*YOUR TASK*
Begin with the opening line of the records and extract each line through the one holding "He encouraged the"; pictures are not part of the copy.

*Data items*
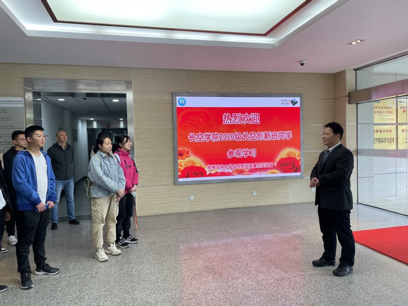 参观伊始,机械结构力学及控制国家重点实验室办公室主任朱孔军教授向同学们简要介绍了国家重点实验室的定位和我校机械结构力学及控制国家重点实验室的基本情况。朱孔军老师指出,国家重点实验室作为国家科技创新体系的重要组成部分,是国家组织高水平基础研究和应用基础研究、聚集和培养优秀科学家、开展高层次学术交流的重要基地,实验室实行“开放、流动、联合、竞争”的运行机制。我校机械结构力学及控制国家重点实验室依托我校力学、航空宇航科学与技术、机械工程等国家重点学科,主要面向国家航空航天战略需求,结合现代科技的发展趋势,以先进飞行器为主要载体,以力学与控制、信息和材料等学科的交叉发展为特色,以原创性研究和系统集成为核心,开展结构动力学与控制、机械结构强度、振动利用与精密驱动、微纳系统力学和智能材料与结构等方向的研究。
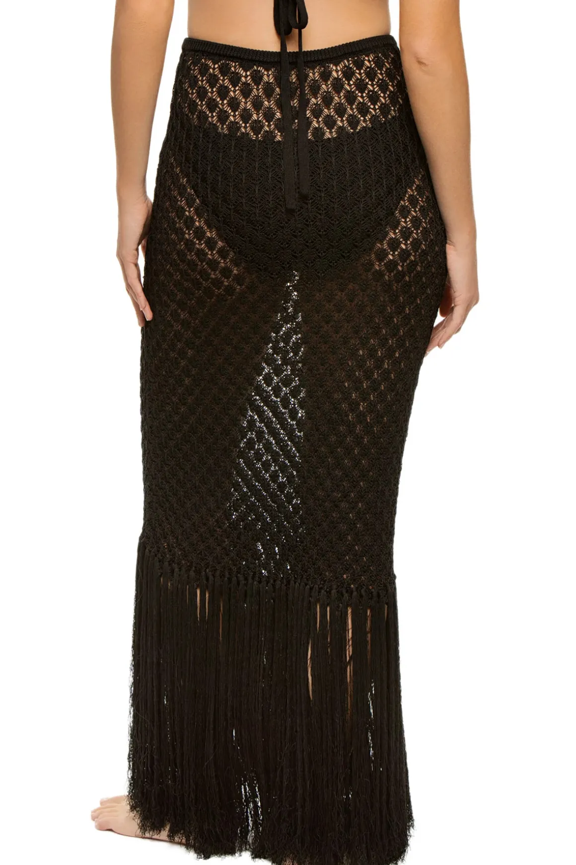 Lacey crochet maxi skirt is finished with a double row of 16″ silky fringe.
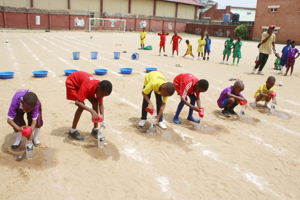 He encouraged the pupils to learn the values of fair play and participation above winning. He also donated five standing fans to the school.
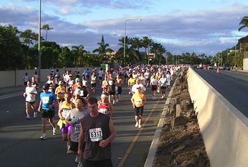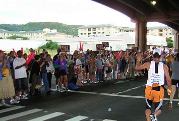 | 15マイルを通過。ハワイカイにきました。高速道路を左折し、住宅街を走ります。 地域の人たちの応援とクッキーサービスなどの被写体を楽しみにしているところです。 |
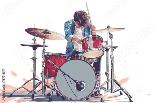 © GHArtwork, Fototapeta premium illustration of a drummer playing the drum set
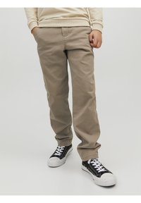 Beżowe bawełniane spodnie o luźnym kroju, z przednimi kieszeniami i mankietami, zestawione z czarnymi trampkami z białymi sznurowadłami. Jednolite tło.
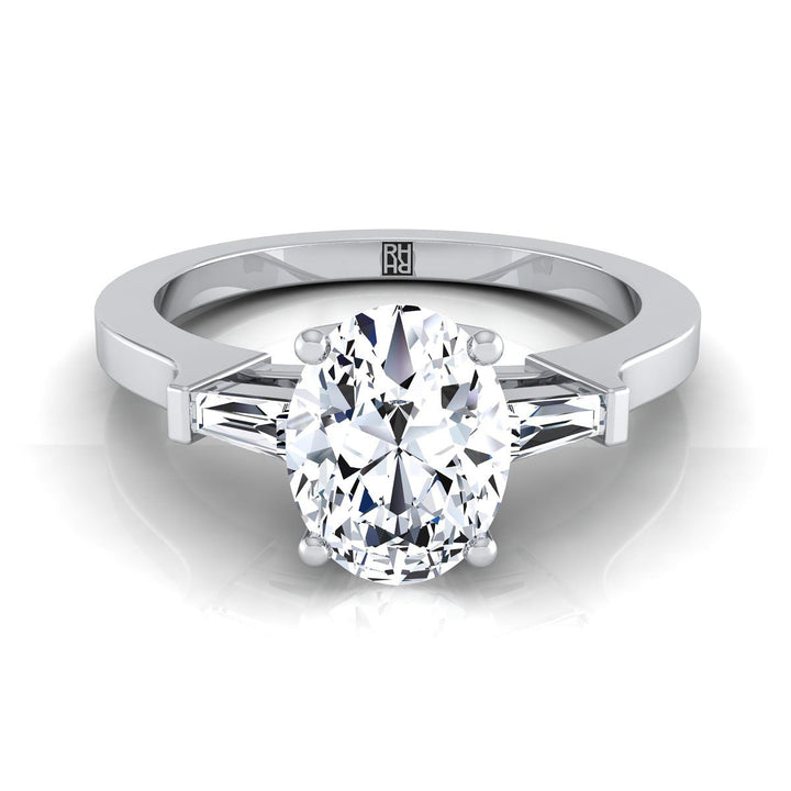 18K White Gold Oval Diamond Tapered Baguette Accent Engagement Ring -1/4ctw
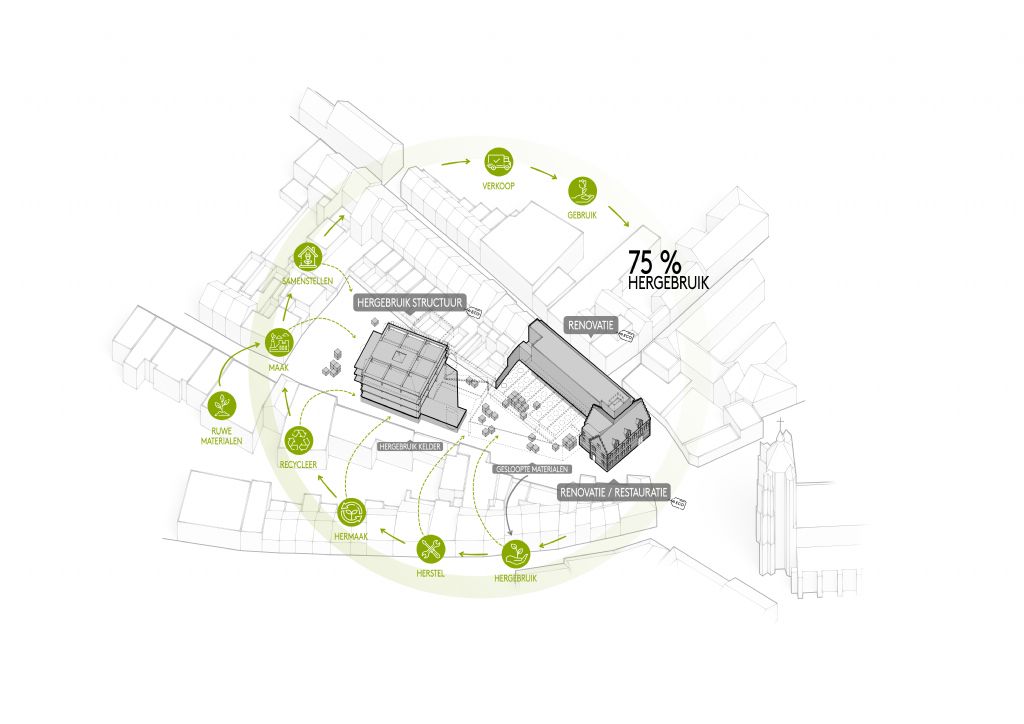 Bij de opmaak van het ontwerp werden verschillende aspecten van circulair bouwen zorgvuldig afgewogen en samengevoegd tot een coherent geheel, met als doel niet enkel de negatieve impact te beperken, maar ook een positieve impact te realiseren, vandaag én in de toekomst. Hergebruik vormt hiervoor de basis. De behouden gebouwen en hun structuur alsook de nieuwe toevoegingen vormen open dragers die veranderlijk worden ingevuld en zo verschillende toekomstscenario’s mogelijk maken. De materiaalkeuze, zoals bijvoorbeeld de gevels met recuperatiebaksteen en kalkmortel, is afgestemd op die aanpasbaarheid en op het ritme van de functionele lagen, om een lange levensduur en lage materiaalimpact zo goed mogelijk te verenigen.
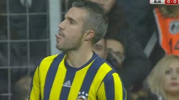 Karşılaşmanın 28.dakikasında Fenerbahçe savunmasının attığı uzun topa yetişemeyen van Persie pozisyonun dönüşünde Beşiktaş tribünlerine dönerek dil çıkardı.
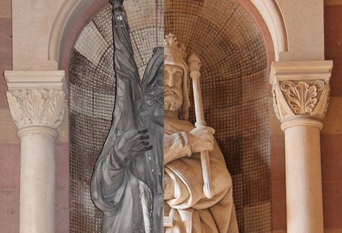 Parallel dazu gehen die Reinigungsarbeiten an den Skulpturen und Reliefs in der Vorhalle weiter, nun allerdings mittels moderner Lasertechnik. Im April 2016 fand bereits eine Probereinigung der Skulptur Heinrich IV. mit Hilfe dieser Methode statt, die aus Sicht der Restauratoren sehr zufriedenstellend verlief. Dom- und Diözesankonservator Wolfgang Franz erläutert das Verfahren: „Bei der Technik des Laserabtragens dünner Deckschichten handelt es sich um eine Oberflächenbearbeitung mit gepulster Laserstrahlung und vernachlässigbarer Wärmebelastung des Grundwerkstoffes. Die dunkle Schmutzschicht wird verbrannt, zurück bleibt der helle Sandstein.“ Das Steinmaterial wird dabei, im Gegensatz zu traditionellen Techniken wie mechanischer oder chemischer Reinigung, nicht unmittelbar berührt oder gar geschädigt. Zudem ist die Reinigung mit dieser Methode relativ schnell zu bewerkstelligen, so dass eine Figur innerhalb von etwas mehr als zwei Wochen gereinigt werden kann.
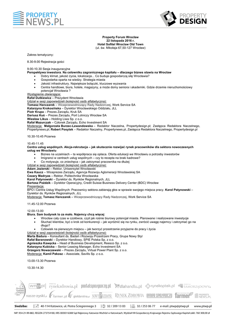 Property Forum Wrocław 22 listopada 2016 r. Hotel Sofitel Wroclaw Old Town (ul. św. Mikołaja 67,50-127 Wrocław) Zakres tematyczny: 8.30-9.00 Rejestracja gości 9.00-10.30 Sesja inauguracyjna Perspektywa inwestora. Na celowniku zagranicznego kapitału – dlaczego biznes stawia na Wrocław • Dobry klimat, jakość życia, lokalizacja... Co buduje gospodarczą siłę Wrocławia? • Gospodarka oparta na wiedzy. Strategia miasta • Jakość infrastruktury. Największe bolączki, kluczowe wyzwania • Centra handlowe, biura, hotele, magazyny, a może domy seniora i akademiki. Gdzie drzemie nieruchomościowy potencjał Wrocławia ? Wystąpienie otwierające: Rafał Dutkiewicz – Prezydent Wrocławia Udział w sesji zapowiedzieli (kolejność osób alfabetyczna): Tomasz Hanczarek – Wiceprzewodniczący Rady Nadzorczej, Work Service SA Katarzyna Krokosińska – Dyrektor Wrocławskiego Oddziału, JLL Piotr Krupa – Prezes Zarządu, Kruk SA Dariusz Kuś – Prezes Zarządu, Port Lotniczy Wrocław SA Wiesław Likus – Holding Liwa Sp. z o.o. Rafał Mazurczak – Członek Zarządu, Echo Investment SA Moderacja: Małgorzata Burzec-Lewandowska – Redaktor Naczelna, Propertydesign.pl; Zastępca Redaktora Naczelnego, Propertynews.pl; Robert Posytek – Redaktor Naczelny, Propertynews.pl, Zastępca Redaktora Naczelnego, Propertydesign.pl 10.30-10.45 Przerwa 10.45-11.45 Centra usług wspólnych. Akcja-rekrutacja – jak skutecznie rozwijać rynek pracowników dla sektora nowoczesnych usług we Wrocławiu • Biznes na uczelniach – ta współpraca się opłaca. Oferta edukacji we Wrocławiu a potrzeby inwestorów • Imigranci w centrach usług wspólnych – czy to recepta na braki kadrowe? • Co motywuje, co zniechęca – jak zatrzymać pracownika na dłużej Udział w sesji zapowiedzieli (kolejność osób alfabetyczna): Adam Jezierski – Rektor, Uniwersytet Wrocławski Ewa Kaucz – Wiceprezes Zarządu, Agencja Rozwoju Aglomeracji Wrocławskiej SA Cezary Madryas – Rektor, Politechnika Wrocławska Karol Patynowski – Dyrektor ds. Rynków Regionalnych, JLL Bartosz Poździk – Dyrektor Operacyjny, Credit Suisse Business Delivery Center (BDC) Wrocław Prezentacja: BPO i Centra Usług Wspólnych: Pracownicy sektora zabierają głos w sprawie swojego miejsca pracy. Karol Patynowski – Dyrektor ds. Rynków Regionalnych, JLL Moderacja: Tomasz Hanczarek – Wiceprzewodniczący Rady Nadzorczej, Work Service SA 11.45-12.00 Przerwa 12.00-13.00 Biura. Sam budynek to za mało. Najemcy chcą więcej • Wrocław cały czas w czołówce, czyli jak rośnie biurowy potencjał miasta. Planowane i realizowane inwestycje • Słuchać klientów, być o krok od konkurencji – jak wyróżnić się na rynku, zwrócić uwagę najemcy i zatrzymać go na długo? • Człowiek na pierwszym miejscu – jak tworzyć przestrzenie przyjazne do pracy i życia Udział w sesji zapowiedzieli (kolejność osób alfabetyczna): Marta Badura – Konsultant ds. Badań i Rozwoju Przestrzeni Pracy, Grupa Nowy Styl Rafał Baranowski – Dyrektor Handlowy, SPIE Polska Sp. z o.o. Agnieszka Kawęcka – Head of Business Development, Reesco Sp. z o.o. Katarzyna Kubicka – Senior Leasing Manager, Echo Investment SA Grzegorz Nowaczewski – Prezes Zarządu, Virtual Power Plant Sp. z o.o. Moderacja: Kamil Pakosz – Associate, Savills Sp. z o.o. 13.00-13.30 Przerwa 13.30-14.30 Magazyny. Dolny Śląsk szykuje się na kolejną falę nowych projektów • To czas inwestycji, ale czy nie zbliża się górka? Magazynowy plan na Dolny Śląsk • Program „S3 – Droga wielkich możliwości" i co jeszcze... – czego oczekują inwestorzy, co dają władze regionu? • Branża motoryzacyjna, sektor AGD czy logistyka – w czym jeszcze drzemie potencjał dla rozwoju rynku w regionie? Udział w sesji zapowiedzieli (kolejność osób alfabetyczna): Jerzy Czajkowski – Pełnomocnik Zarządu ds. Inwestycji, 7R Logistic SA Łukasz Czajkowski – Dyrektor Centrum Wspierania Biznesu, Agencja Rozwoju Aglomeracji Wrocławskiej SA Damian Kowalczyk – Senior Development Manager, Panattoni Europe Łukasz Maciejewski – Project Manager, Legnicka Specjalna Strefa Ekonomiczna SA Hubert Wojtera – Senior Konsultant, Axi Immo Group Sp. z o.o. Moderacja: Kamil Szymański – Associate Director, Dział Powierzchni Magazynowych i Przemysłowych, Savills Sp. z o.o. 14.30-14.45 Przerwa 14.45-15.30 Centra handlowe. „Kopiuj-wklej” już nie działa! Czy na handlowej mapie Wrocławia są jeszcze nisze? Jak przyciągnąć najemców i klientów? • Najważniejsza jest lokalizacja – która jest najlepsza we Wrocławiu? • Centra handlowe nie potrafią się wyróżnić. Architektura, technologia, jeszcze więcej usług i rozrywki. Na co postawić? • Starcie Dawida z Goliatem? Jakie atuty w rynkowej grze mają starsze obiekty handlowe? Udział w sesji zapowiedzieli (kolejność osób alfabetyczna): Grzegorz Grajkowski – Head of Operating Management, Unibail-Rodamco Małgorzata Laskowska – Zastępca Dyrektora, Dział Wynajmu Powierzchni Handlowych, CBRE Jarosław Okupski – Dyrektor ds. Rozwoju, Kindermagnet Polska Sp. z o.o. Agnieszka Szczepaniak – Architekt, Dyrektor ds. Rozwoju i PR, AP Szczepaniak Prezentacja: Wroclavia – 4* centrum handlowe. Grzegorz Grajkowski – Head of Operating Management, Unibail-Rodamco Moderacja: Elżbieta Dmowska-Mędrzycka – Prezes Zarządu, Mediadem Communication 15.30-15.40 Przerwa 15.40-16.30 Hotele. Smart lifestyle, czyli turystyka, kultura i rozrywka 2.0 • Prezentacje. Krótkie historie spektakularnych projektów o Trendy projektowaniu hoteli na przykładzie Novotel Wroclaw Centrum. Piotr Kalinowski – Architect Design Manager, Branch Principal Wrocław, Tremend Sp. z o.o. o AC by Marriott we Wrocławiu. Janusz Mitulski – Dyrektor Rozwoju na Europę Środkowo-Wschodnią i Kraje Bałtyckie, Sieć Marriott International • Dyskusja: o Przemysł czasu wolnego kwitnie we Wrocławiu – jak to dobrze wy

*RESPONSE TO THIS EXERCISE*
 参观伊始,机械结构力学及控制国家重点实验室办公室主任朱孔军教授向同学们简要介绍了国家重点实验室的定位和我校机械结构力学及控制国家重点实验室的基本情况。朱孔军老师指出,国家重点实验室作为国家科技创新体系的重要组成部分,是国家组织高水平基础研究和应用基础研究、聚集和培养优秀科学家、开展高层次学术交流的重要基地,实验室实行“开放、流动、联合、竞争”的运行机制。我校机械结构力学及控制国家重点实验室依托我校力学、航空宇航科学与技术、机械工程等国家重点学科,主要面向国家航空航天战略需求,结合现代科技的发展趋势,以先进飞行器为主要载体,以力学与控制、信息和材料等学科的交叉发展为特色,以原创性研究和系统集成为核心,开展结构动力学与控制、机械结构强度、振动利用与精密驱动、微纳系统力学和智能材料与结构等方向的研究。
 Lacey crochet maxi skirt is finished with a double row of 16″ silky fringe.
 He encouraged the pupils to learn the values of fair play and participation above winning. He also donated five standing fans to the school.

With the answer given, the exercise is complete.